Here’s a scenario that’ll ruin your week. A customer places an order. Your order service saves it. Your payment service charges their card. Your inventory service reserves the items. Your shipping service schedules a pickup. Then the shipping service discovers the item is oversized and can’t be shipped to that address.
Now what? The card’s been charged. The inventory’s been reserved. The order exists. You need to undo three things across three services, each with their own database, each with their own failure modes. Welcome to distributed transactions.
Traditional databases solve this with two-phase commit (2PC). The coordinator says “prepare to commit” to every participant, waits for all of them to say “ready,” then says “commit.” If any participant says “no,” everyone rolls back. It’s elegant in theory and terrible in practice — a single slow participant blocks everyone, and if the coordinator crashes between prepare and commit, you’re stuck.
The saga pattern is the alternative: instead of one big atomic transaction, you run a sequence of local transactions with compensating actions for rollback. Each step either succeeds and triggers the next, or fails and triggers compensation for everything that already happened.
Two Flavors: Choreography vs. Orchestration
There are two ways to coordinate a saga.
Choreography: Each service publishes events, and other services react. There’s no central coordinator. The order of operations emerges from the event flow. It’s simple for 2-3 step sagas and becomes a nightmare to debug with more.
Orchestration: A central saga coordinator tells each service what to do and handles the compensation flow. It’s more code up front but dramatically easier to reason about and debug.
I use orchestration almost exclusively now. Here’s why: when a saga fails at step 4 of 6, I want one place to look — the saga log — to understand what happened and what compensations ran. With choreography, that information is scattered across six services’ logs.
The Saga Engine
Let’s build an orchestration-based saga engine in Rust.
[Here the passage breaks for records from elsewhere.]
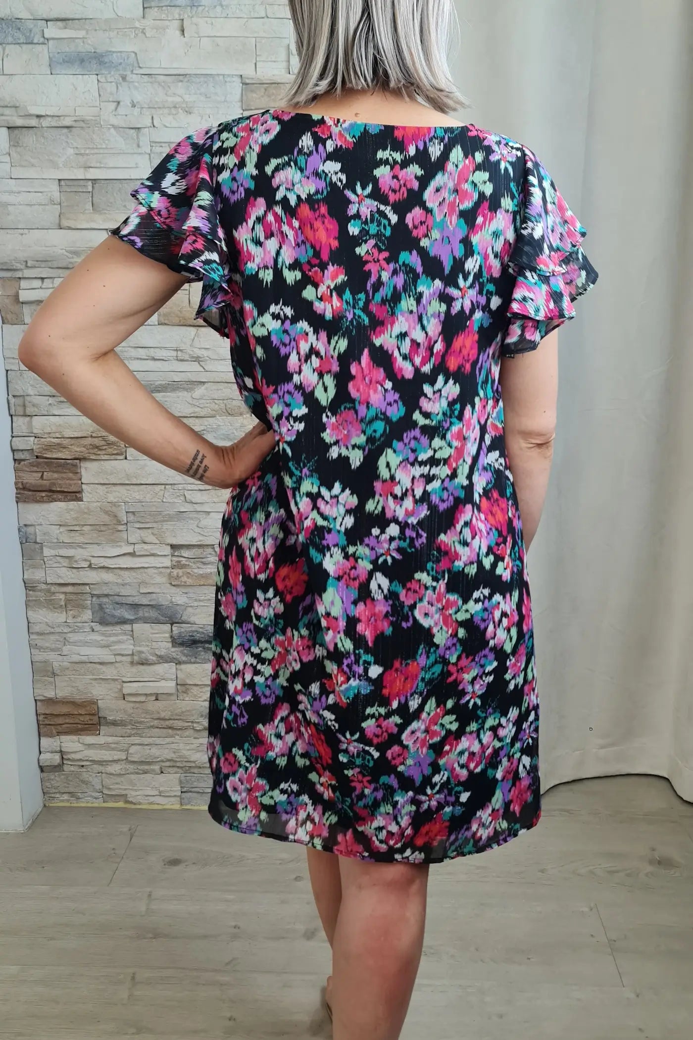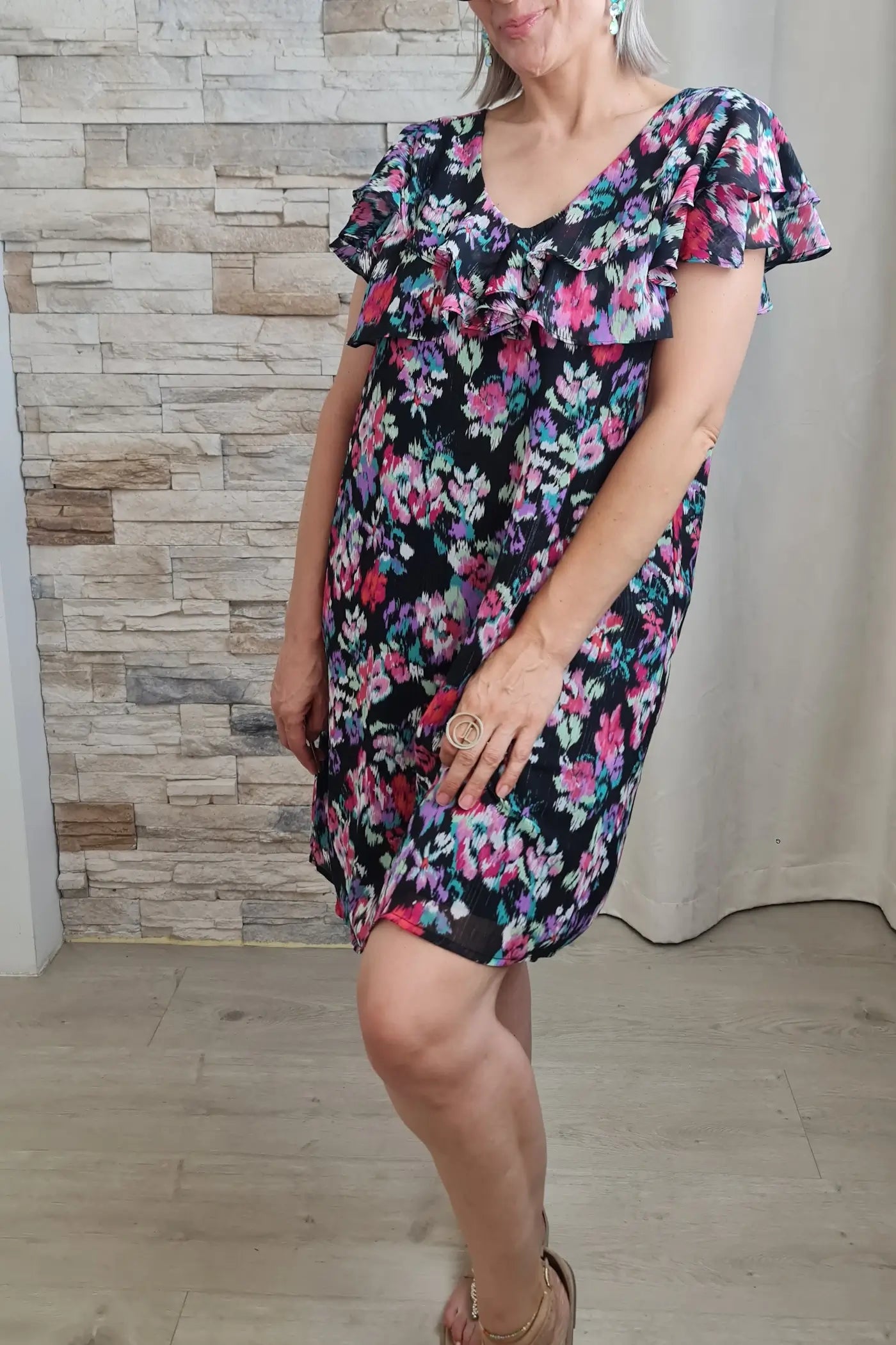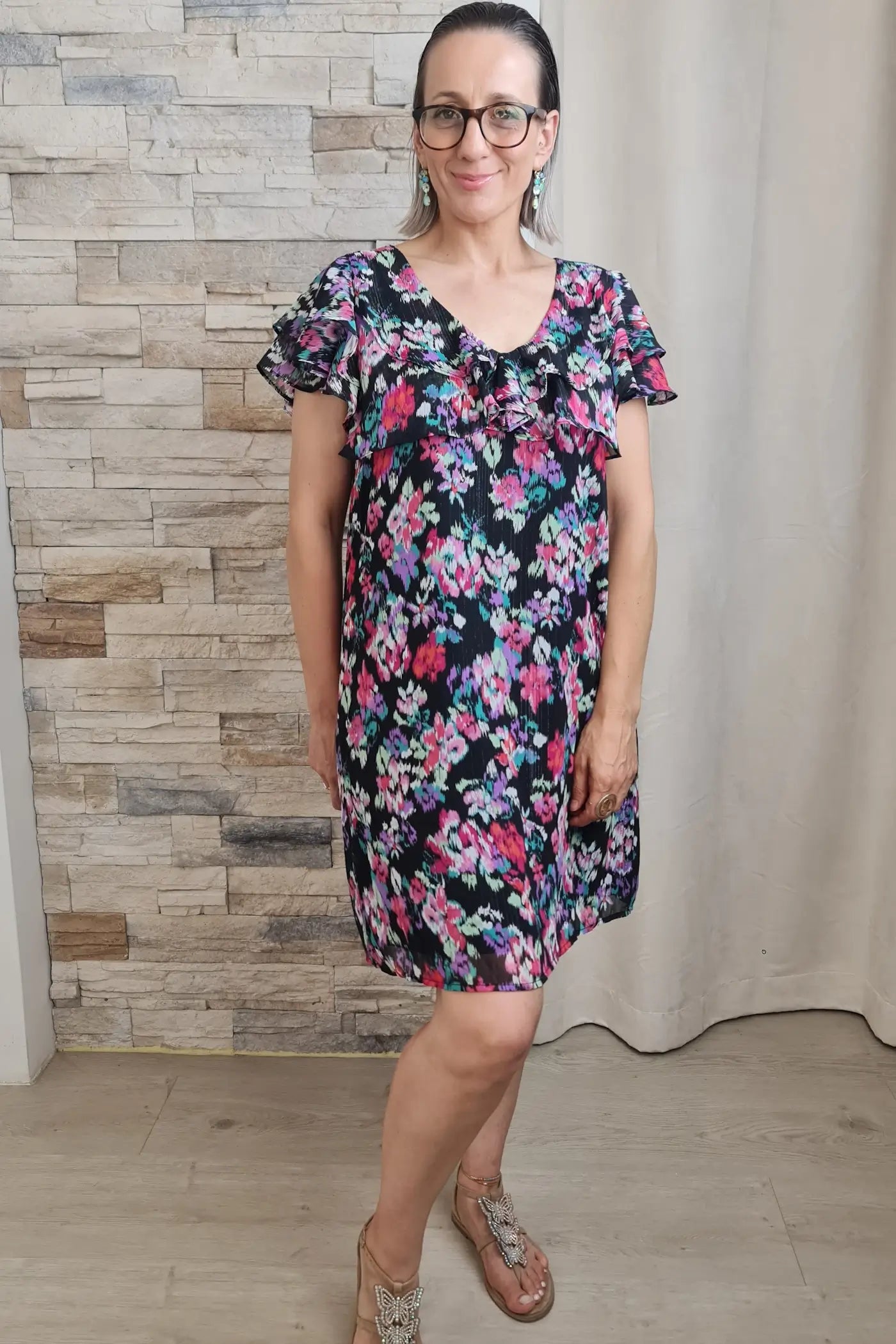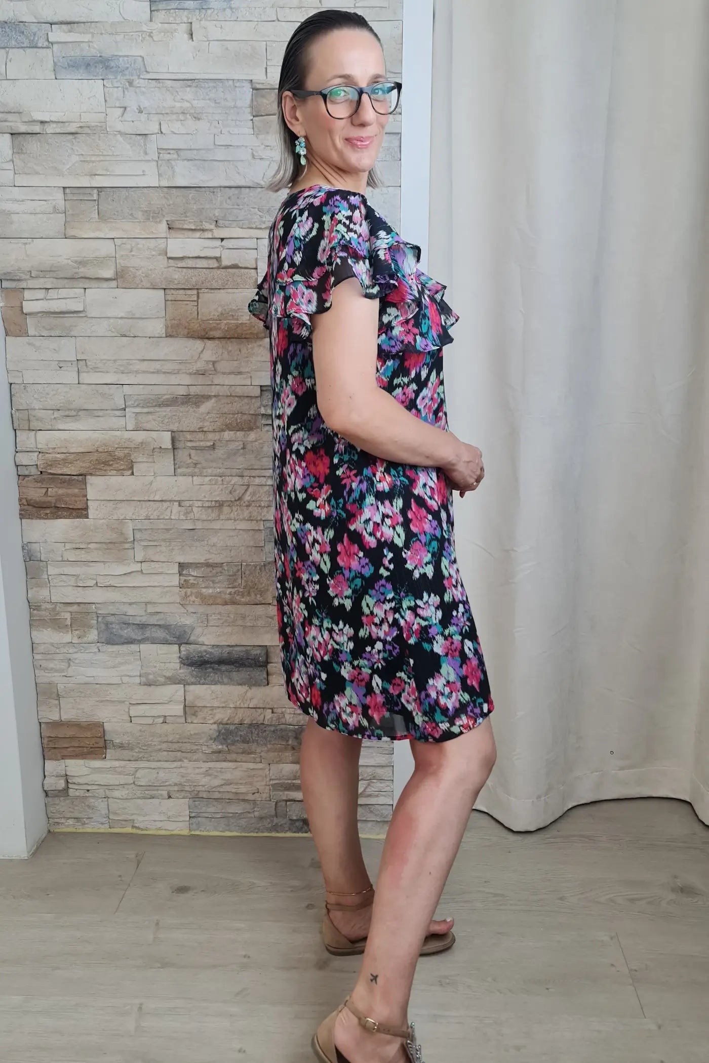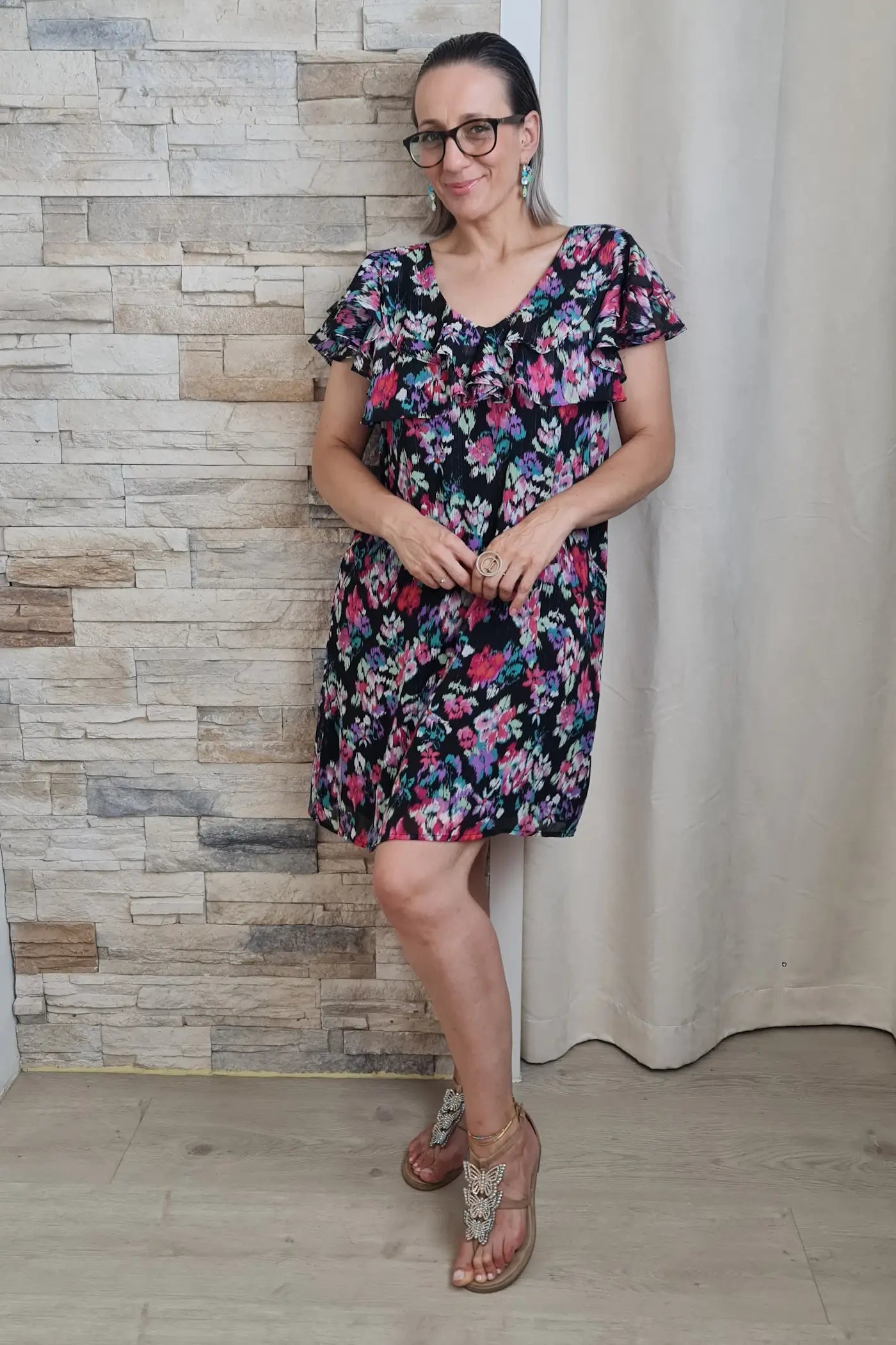O design é prático e elegante. Em fundo preto com um estampado floral colorido em tons de rosa, azul e verde, destaca-se pelo decote em V e pelos folhos que se estendem do decote para os ombros, criando um efeito de manga delicado e romântico. O corte reto e solto garante um visual descontraído e elegante.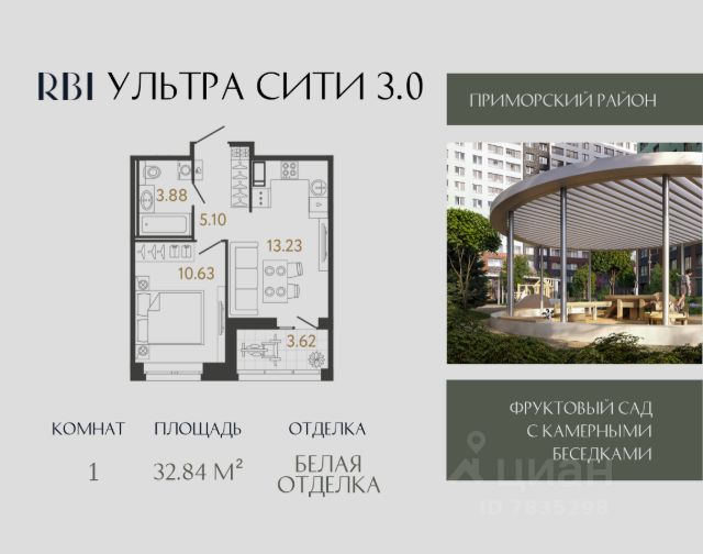 Новый ЖК Ультра Сити 3.0 от RBI в Приморском районе Петербурга. Современный город ультравозможностей, где мечта о гармоничной жизни за городом воплотится в мегаполисе со всеми его преимуществами. Новый проект от RBI строится в перспективной локации на пересечении проспекта Королёва и Арцеуловской аллеи в районе Парашютной улицы. До выездов на ЗСД и КАД — 15 минут. Рядом детские сады и школы, современные медицинские и спортивные учреждения, торговые центры и магазины. Прямо в доме откроется детская поликлиника, а на прилегающей территории построят муниципальный детский сад. Всего в 4 корпусах дома 946 квартир от 24 до 90 м². Планировки — от классических до "евро" с кухней-гостиной и мастер-спальней с гардеробной. Высота потолков — 2,7 метра. Все квартиры продаются с белой отделкой. Насладиться солнечным СПА среди цветущих яблонь и уссурийских груш в собственном фруктовом саду, провести онлайн-встречу или поработать с ноутбуком в обогреваемой клубной беседке с розетками под навесом. Прогуляться с близкими по фруктовой аллее до детской площадки, чтобы покатать дочь или сына на качелях, а потом с улыбкой наблюдать, как весело и увлечённо они резвятся в мега-песочнице с водяными аттракционами и решают головоломки на бизибордах — вот повседневные сценарии вашей счастливой жизни в будущем ЖК Ультра Сити 3.0! В каждой секции — своё лобби с витражными окнами и воздушными световыми колоннами — чтобы ощущение гармонии с природой не покидало вас и внутри дома. В каждой парадной зоны ожидания для гостей и вместительные колясочные. Для хранения габаритных вещей можно отдельно приобрести кладовую на -1 этаже, для авто — машиноместо в отдельно стоящем тёплом паркинге. Приватный двор полностью без машин охраняется 24/7, вход по электронному ключу. Можно уверенно отпускать детей на прогулки со сверстниками и приглядывать за ними со смартфона благодаря технологии "умный дом". Для занятий спортом на свежем воздухе в Ультра Сити 3.0 установят профессиональное уличное оборудование для кардио и силовых тренировок, настольный теннис. Ещё одна фишка проекта — ремонтная станция для велосипедов: отладить свой двухколёсный транспорт, подкачать шины и подтянуть слетевшую цепь можно будет, не выходя из дома. Выбирайте Ультра Сити 3.0, чтобы каждый день ловить вайб загородной жизни в ритме мегаполиса!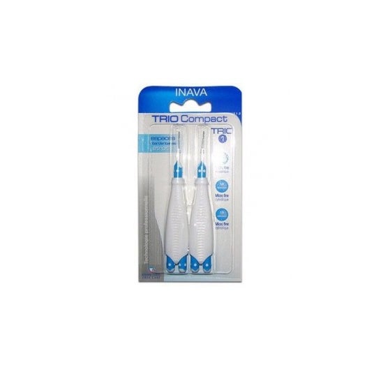 CARACTERÍSTICAS DA ESCOVA: - Escova cilíndrica (ou cabeça de escova) constituída por filamentos de nylon flexíveis dispostos em hélice à volta de uma haste rígida e torcida de aço inoxidável. Montada numa ponta de plástico resistente e flexível, permite alcançar as zonas de difícil acesso Diâmetro 1,9 mm (MICRO FINE CYLINDRICAL), ponta AZUL com pontos brancos. - Cabo de plástico compacto, curto, plano e branco, com superfície antiderrapante para uma boa aderência. Cada cabo tem 3 escovas finas e flexíveis: uma na extremidade e duas na base do cabo. As escovas de substituição são vendidas separadamente e podem ser adaptadas ao modelo INAVA FLEX. Embalagem blister de 2 cabos + 6 cabeças de escovaINFORMAÇÃOMini escova utilizada, para além da escovagem, para: - limpar espaços interdentários estreitos, - escovar aparelhos ortodônticos e dentaduras. Modelo composto por 3 escovas de tamanho IDÊNTICO (microfina cilíndrica), no mesmo cabo para se adaptar aos espaços interdentários estreitos.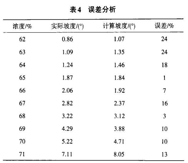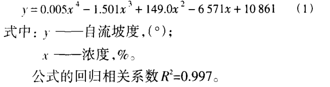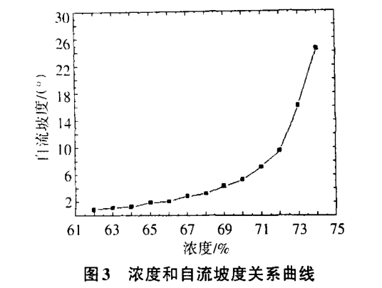 每组浓度进行3次实验 , 自流坡度取三者的平均值 ,实验结果如表1所示 。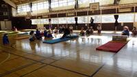 今日は、体育の「マット運動」の研究授業を行いました。安全に運動ができるように気を配りながら、理解しやすいように見本を見せたり、よくできている児童に「いいよ!」と声をかけたりしながら、1人1人に目を向けていました。子供たちは、飛び前転や開脚前転などの技を一生懸命に練習していました。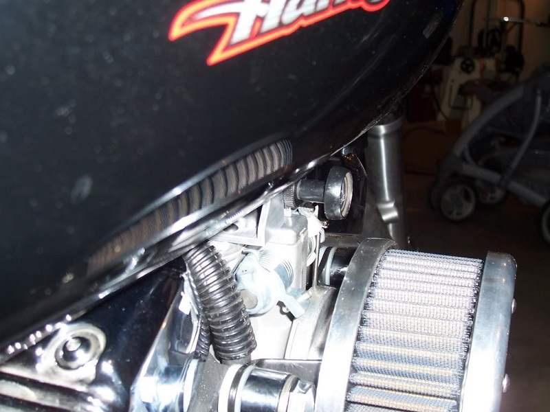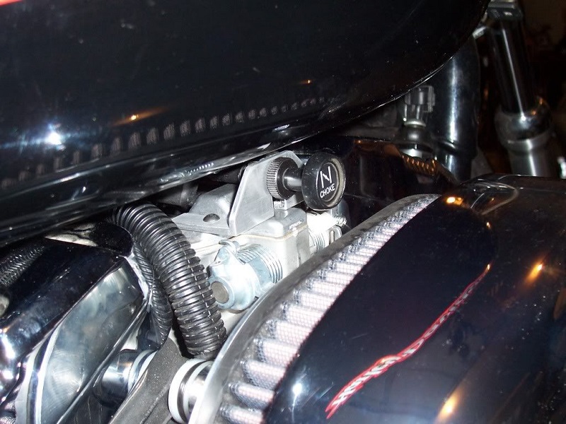 This homemade bracket will help to relocate the choke to the right side between the tank and the top of the carb.

The type system is going to do serious work here.
// src/saga/mod.rs
use async_trait::async_trait;
use serde::{Deserialize, Serialize};
use std::fmt::Debug;
use uuid::Uuid;
/// A single step in a saga.
/// Each step has an action and a compensating action.
#[async_trait]
pub trait SagaStep: Send + Sync {
/// A human-readable name for logging and debugging.
fn name(&self) -> &str;
/// Execute the forward action.
/// Returns step-specific output that may be needed by later steps.
async fn execute(&self, context: &mut SagaContext) -> Result<(), SagaStepError>;
/// Undo the forward action.
/// Called when a later step fails and we need to roll back.
/// Compensations MUST be idempotent — they may be called multiple times.
async fn compensate(&self, context: &mut SagaContext) -> Result<(), SagaStepError>;
}
/// Shared context that flows through all saga steps.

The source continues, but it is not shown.